» **Task prompt**:
Your answer should be the records again, unchanged in wording and free of images.

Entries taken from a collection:
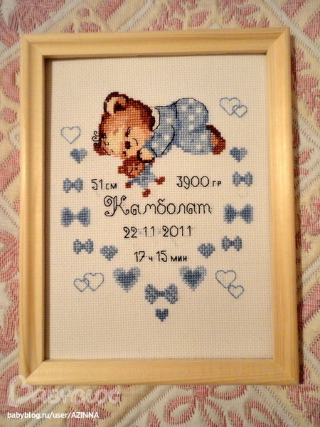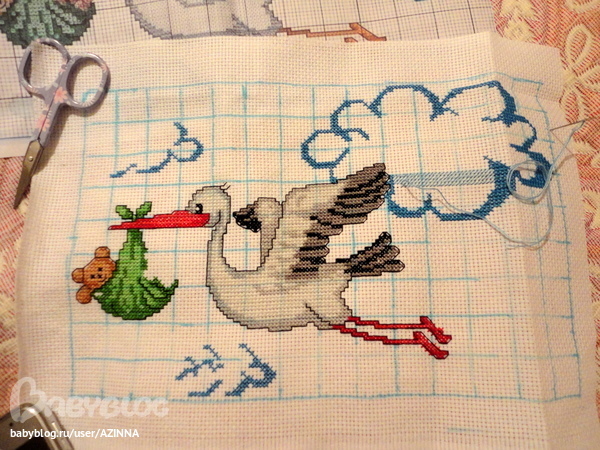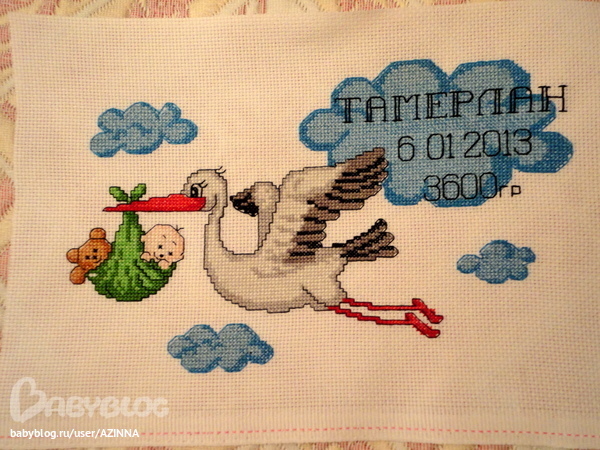 Спасибо,Танюша)))Метрика с Аистом-это мой первый подбор))Я скачала схему в интернете(плохого качества..с трудом разобралась) и выбрала нитки из тех,что были,кое-что докупила))
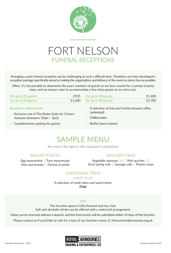 Experienced staff will be on hand to provide support before and during the event to ensure the delivery of the required services and facilities. It is possible to include a special gun salute using one of the big guns on The Parade. There are a variety of food and beverage options available to suit all tastes, using only the freshest of ingredients and preparing everything on site to the highest standards. The Redan has a relaxed peaceful atmosphere and is the ideal location for your wake buffet or lunch as you reminisce.
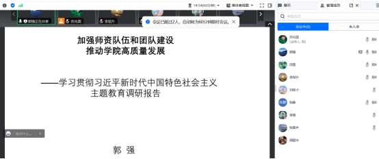 按照学校和学院学习贯彻习近平新时代中国特色社会主义思想主题教育工作部署,网投十大信誉可靠平台工程管理系党支部于2023年7月30日在线开展了主题教育专题党课活动。学院党委委员、执行院长郭强同志讲授有关“加强师资队伍和团队建设 推动学院高质量发展”的专题党课。工程管理系党支部全体党员及部分非党员教师一起参加了学习。
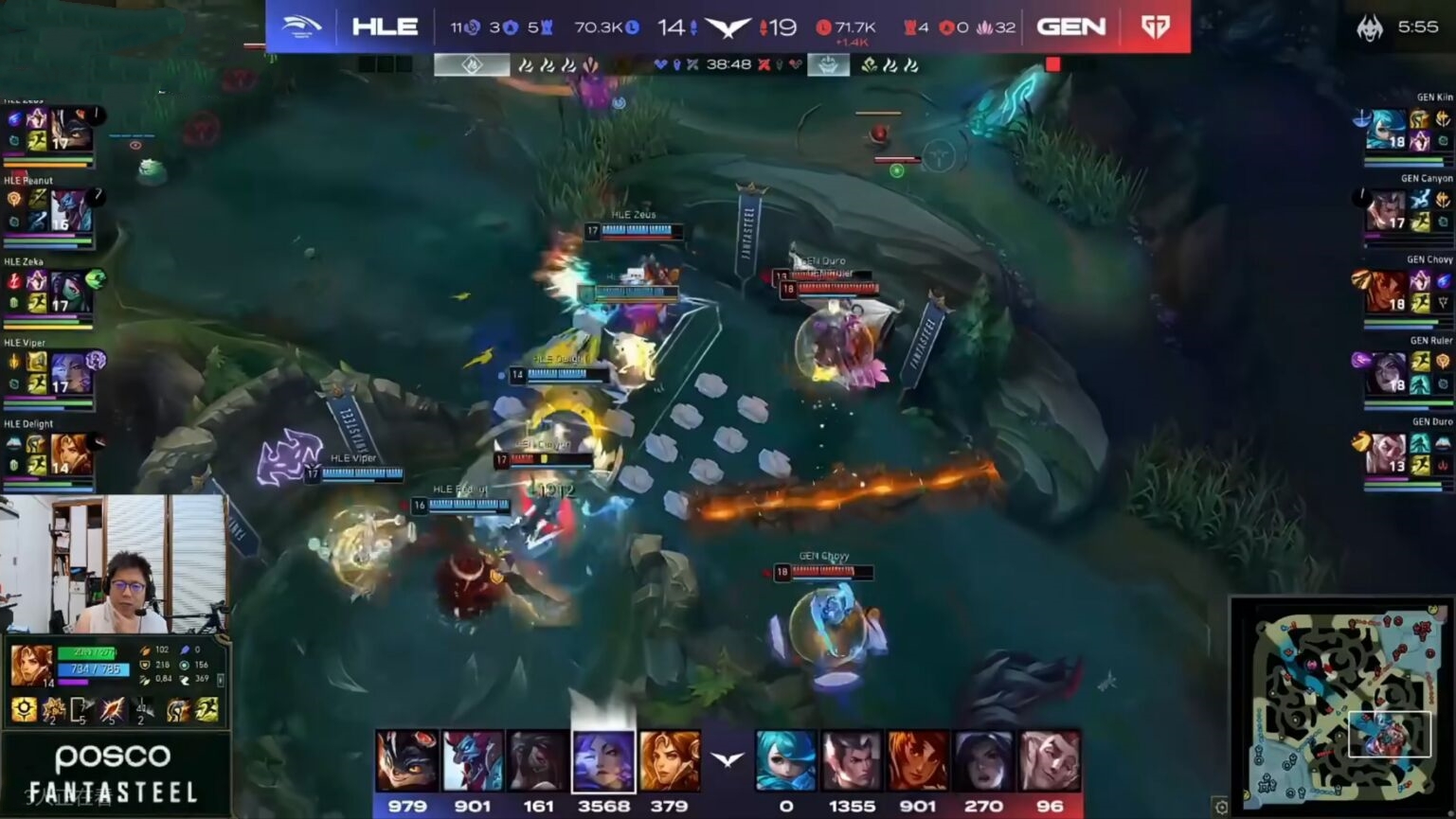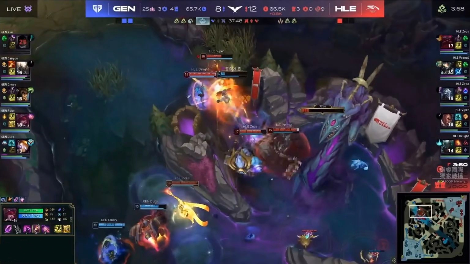 GEN won a team fight 1 for 4, securing both the dragon and Herald. With both carries ahead in farm, HLE had no chance in team fights. The second game was unfortunate for HLE; Zeus dominated top early, and mid-game team fights helped them claw back some ground. Both teams dragged the game on, but near the 40-minute mark in the late game, Peanut’s successful smite steal in the dragon soul fight led to the death of the third uncle first. Hanwha was at a 5v4 disadvantage, and that fight was winnable.
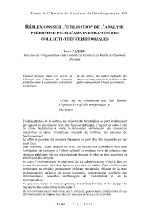 prédictive dans la gestion des collectivités public management of local governments.
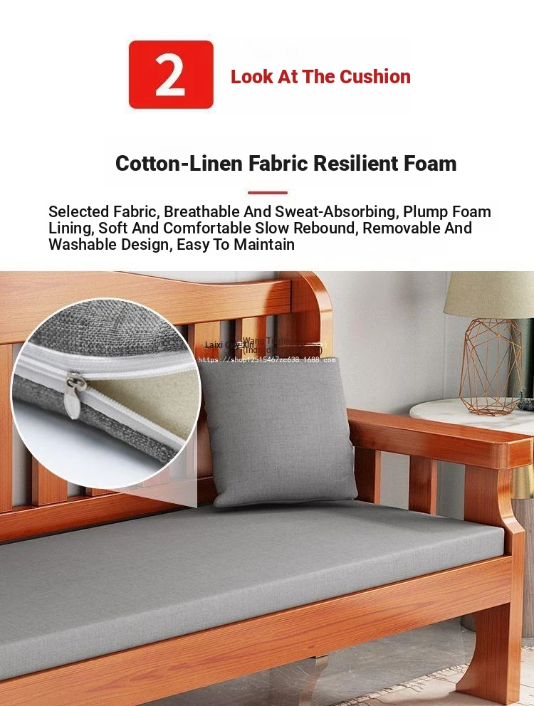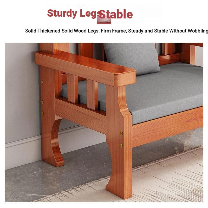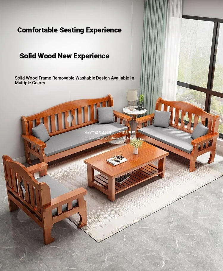Modern Minimalist Solid Wood Sofa for Small Spaces - Three-Seat Combination with Rustic New Chinese Style, All Solid Wood Long Bench for Living Room
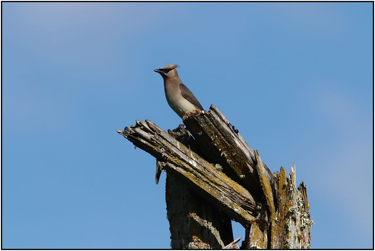 Photo No. 4 - Still I could not find much. Then I saw this Cedar Waxwing on the top of this pole.
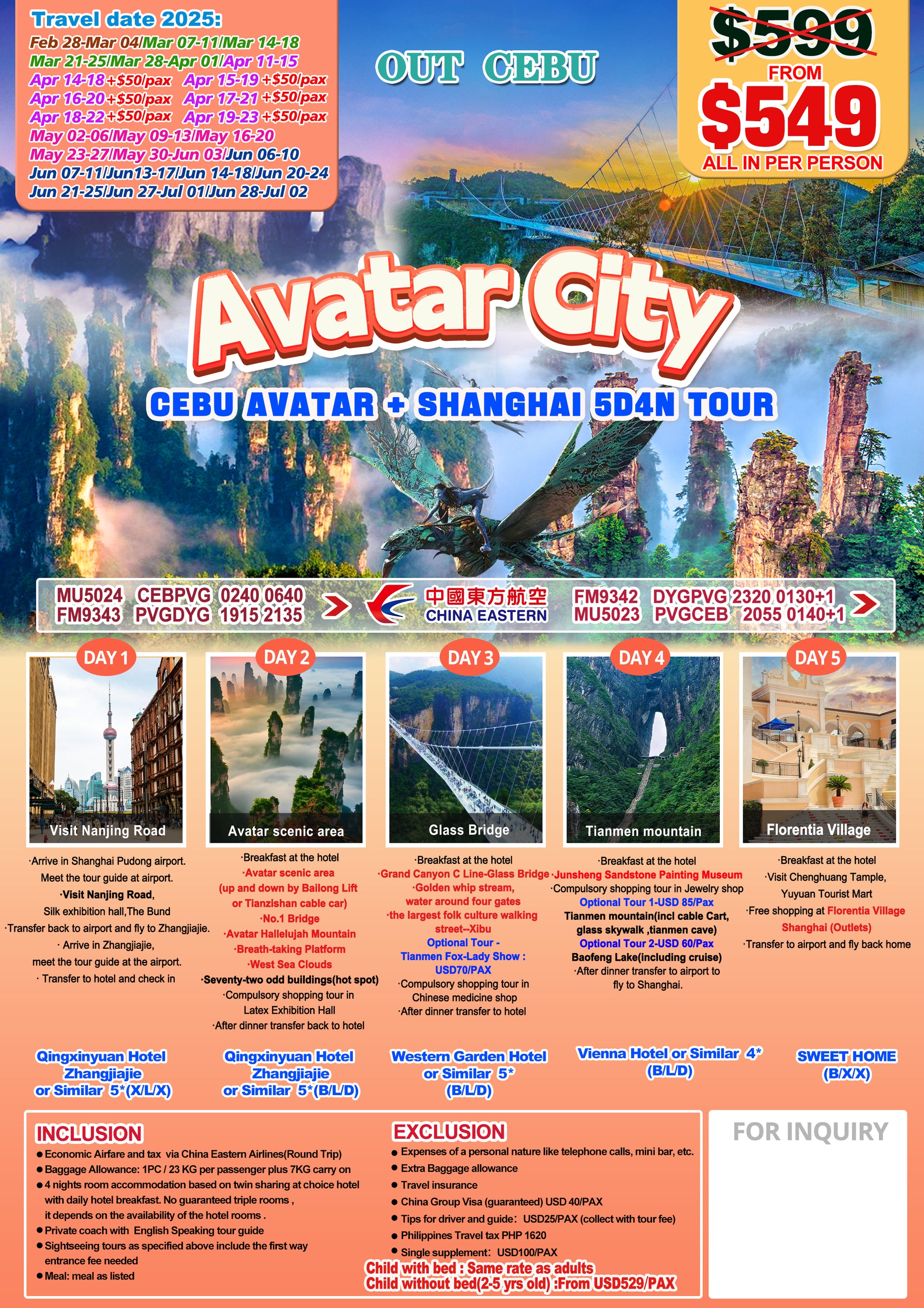 Embark on a breathtaking journey from Cebu to explore the wonders of China. Stroll along the bustling Nanjing Road, marvel at the stunning landscapes of the Avatar Scenic Area, and walk on the thrilling Glass Bridge. Ascend the majestic Tianmen Mountain and indulge in world-class shopping at Florentia Village.
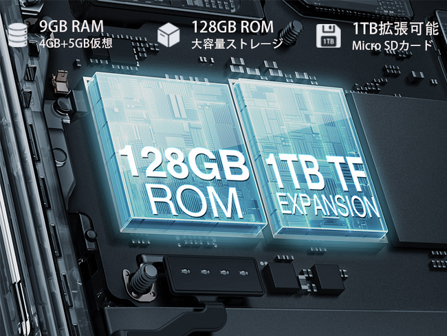 4GBのメモリ+5GBの拡張可能な仮想メモリ、合計9GBの融合メモリを搭載しています。これにより、タブレットは複数のアプリケーションを簡単かつスムーズに切り替えることができ、ラグをなくし、高速でスムーズな操作体験を提供します。128GBの大容量ストレージも搭載されているため、メモリ不足を心配する必要はもうありません。 大容量の1TBまでのmicroSDカードでストレージ容量をさらに拡張できます。(FAT32、exFATフォーマットカードは別売り)
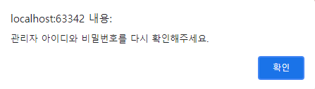 alert("관리자 아이디와 비밀번호를 다시 확인해주세요.")
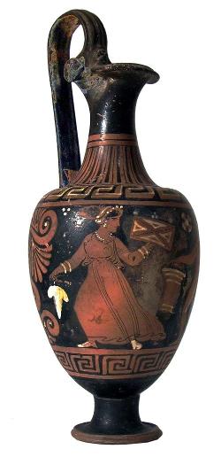 Oinochoe apula a figure rosse con fanciulla in corsa e giovane nudo
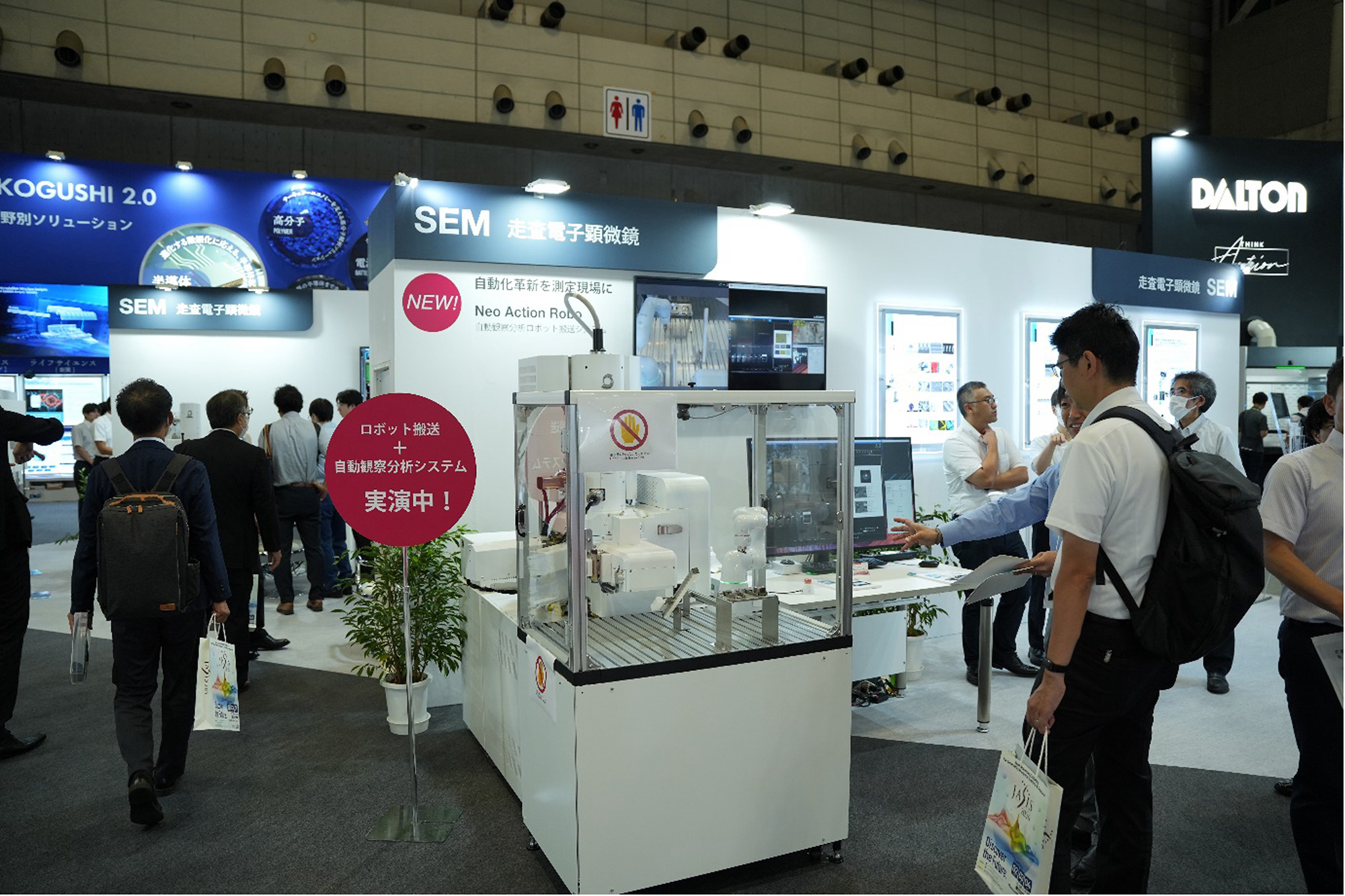 これまでSEMでの試料交換は、装置の前で人が手作業で行う必要がありました。今回展示された「Neo Action Robo」は、このプロセスをロボットアームによって自動化する新機能です。SEMの上位機種のJSM-IT810に実装され、展示会場でのデモには多くの来場者の注目が集まりました。

» **Answer to this problem**:
 Спасибо,Танюша)))Метрика с Аистом-это мой первый подбор))Я скачала схему в интернете(плохого качества..с трудом разобралась) и выбрала нитки из тех,что были,кое-что докупила))
 Experienced staff will be on hand to provide support before and during the event to ensure the delivery of the required services and facilities. It is possible to include a special gun salute using one of the big guns on The Parade. There are a variety of food and beverage options available to suit all tastes, using only the freshest of ingredients and preparing everything on site to the highest standards. The Redan has a relaxed peaceful atmosphere and is the ideal location for your wake buffet or lunch as you reminisce.
 按照学校和学院学习贯彻习近平新时代中国特色社会主义思想主题教育工作部署,网投十大信誉可靠平台工程管理系党支部于2023年7月30日在线开展了主题教育专题党课活动。学院党委委员、执行院长郭强同志讲授有关“加强师资队伍和团队建设 推动学院高质量发展”的专题党课。工程管理系党支部全体党员及部分非党员教师一起参加了学习。
 GEN won a team fight 1 for 4, securing both the dragon and Herald. With both carries ahead in farm, HLE had no chance in team fights. The second game was unfortunate for HLE; Zeus dominated top early, and mid-game team fights helped them claw back some ground. Both teams dragged the game on, but near the 40-minute mark in the late game, Peanut’s successful smite steal in the dragon soul fight led to the death of the third uncle first. Hanwha was at a 5v4 disadvantage, and that fight was winnable.
 prédictive dans la gestion des collectivités public management of local governments.
Modern Minimalist Solid Wood Sofa for Small Spaces - Three-Seat Combination with Rustic New Chinese Style, All Solid Wood Long Bench for Living Room
 Photo No. 4 - Still I could not find much. Then I saw this Cedar Waxwing on the top of this pole.
 Embark on a breathtaking journey from Cebu to explore the wonders of China. Stroll along the bustling Nanjing Road, marvel at the stunning landscapes of the Avatar Scenic Area, and walk on the thrilling Glass Bridge. Ascend the majestic Tianmen Mountain and indulge in world-class shopping at Florentia Village.
 4GBのメモリ+5GBの拡張可能な仮想メモリ、合計9GBの融合メモリを搭載しています。これにより、タブレットは複数のアプリケーションを簡単かつスムーズに切り替えることができ、ラグをなくし、高速でスムーズな操作体験を提供します。128GBの大容量ストレージも搭載されているため、メモリ不足を心配する必要はもうありません。 大容量の1TBまでのmicroSDカードでストレージ容量をさらに拡張できます。(FAT32、exFATフォーマットカードは別売り)
 alert("관리자 아이디와 비밀번호를 다시 확인해주세요.")
 Oinochoe apula a figure rosse con fanciulla in corsa e giovane nudo
 これまでSEMでの試料交換は、装置の前で人が手作業で行う必要がありました。今回展示された「Neo Action Robo」は、このプロセスをロボットアームによって自動化する新機能です。SEMの上位機種のJSM-IT810に実装され、展示会場でのデモには多くの来場者の注目が集まりました。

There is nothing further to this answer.